A family of people on the backs of Camels can walk from one sand dune to another, or a van full of people, or just some desperate, hungry people with heatstroke walking through the sand. These people are not ‘crossing borders’, they are just walking in the desert. A camera up in the sky on a satellite maybe be filming them and that camera may be connected to a computer upon the display of which lines have been drawn by people under the orders of men commanding other men with lots of guns, but that doesn’t make it real.

 

Angry, violent people often let their egos run away with them and say ridiculous things that people would just laugh at if they wern’t afraid of getting hurt.

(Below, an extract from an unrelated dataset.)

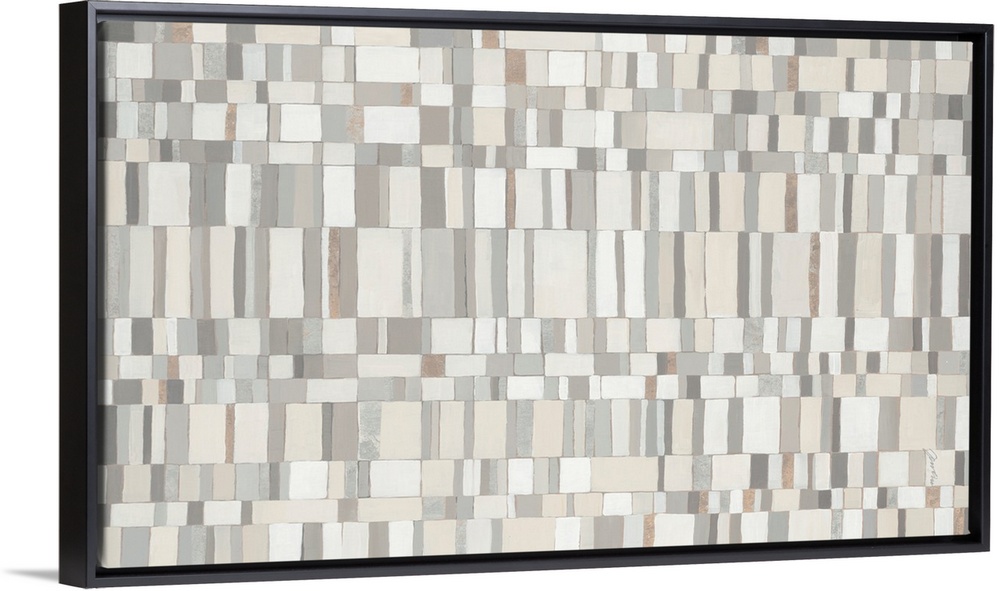 <p>Abstract artwork featuring a serene mosaic of irregular rectangular blocks in a neutral palette of grays, creams, and whites, with subtle bronze accents. Perfect for modern, minimalist decor.</p>

They say things like ‘I’m the best’, or ‘that belongs to me’, or ‘that belongs to MY people, MY tribe, MY gang, MY nation-state”. People don’t laugh at them, they humour them, they say ‘whatever you want boss’, or ‘Sure, that’s your sandwich, that’s your wristwatch, that’s your continent’.

 

Let’s stop humouring these people. Let’s force them to confront reality. Make them see what dicks they are being and force them to stop it, for the good of everyone. They must first of all be stopped, then sat down and given a good talking to, made to understand what they have done wrong. If they express no remorse, they should be made to feel afraid of doing it again through threats of violence, which should then be carried out. This is how you would treat anyone who was fucking things up for you and your whole community.

 

When good people do nothing, that’s when bad people do things. We all know this. We mutter it to ourselves. So what are we going to do?

 

Every day, remind yourself that we are at war with all Nation-states. Their laws do not apply to us, nor to anyone else, least of all themselves.

 

Do not allow your consciousness to be poisoned by illusions. Laugh at nonsense. Laugh at those who think they are better than other people or have any right to anything on this earth. We are all equal, and this Earth does not belong to anyone.

 

We are all Equal and we are All Free. Don’t forget it, just because some men with guns have forgotten it. Remind them of it.

 

Remind them that private property does not exist. Money does not exist. Capital does not exist. Classes, nations, races, genders, even football teams – none of them exist. What exists is the universe. You can touch it, feel it, see it, breathe it. I listen to it all the time. It’s my favourite song.

 

If you break the law and there are no police around to see it, the law did not exist. If you break it and the police decide to let you get away with it, it does not exist either. If you do not break any law and the police arrest you, charge you, and give false testimony about you, the law still does not exist, even though you didn’t even break it. What exists are men with guns, women with guns, buildings, locks, doors, handcuffs and clubs. There are people who sit around on comfortable chairs with lots of shiny wooden panelling in the room, shuffling bits of paper and sentencing people to death or imprisonment. They are perhaps least in touch with reality than anyone.

 

I would like to witness a court case in which someone told the truth, just once in my life. I would like to hear someone say ‘my defence is that we are hurtling through the cosmos at millions of miles per second, so what does it matter if someone’s illusion of private property got shattered? It was good for their soul’ or ‘all of us are one, so we are all equally guilty’ or ‘I call a surprise witness – the moon’. Will that day ever come?

 

Don’t be afraid to die for the truth. Don’t be thinking of all the things you didn’t get a chance to do when you hear a big-headed idiot claim to be somebody’s lord. Say it right to their face – whatever it is that they need to be told. Do not be afraid – and they will fear you, or else they will kill you, but you would have been expecting that anyway, so it’s ok. Don’t think of all the things you haven’t done yet. That’s not a good way to die. You do not exist. You are the person that may kill you, you are the whole universe and everything in it is you.

 

There are no borders. No boundaries between yourself and others, yourself and the ground you stand on or the air you breathe. It is all everything and you are it as well.

 

But least, least of all, is there France.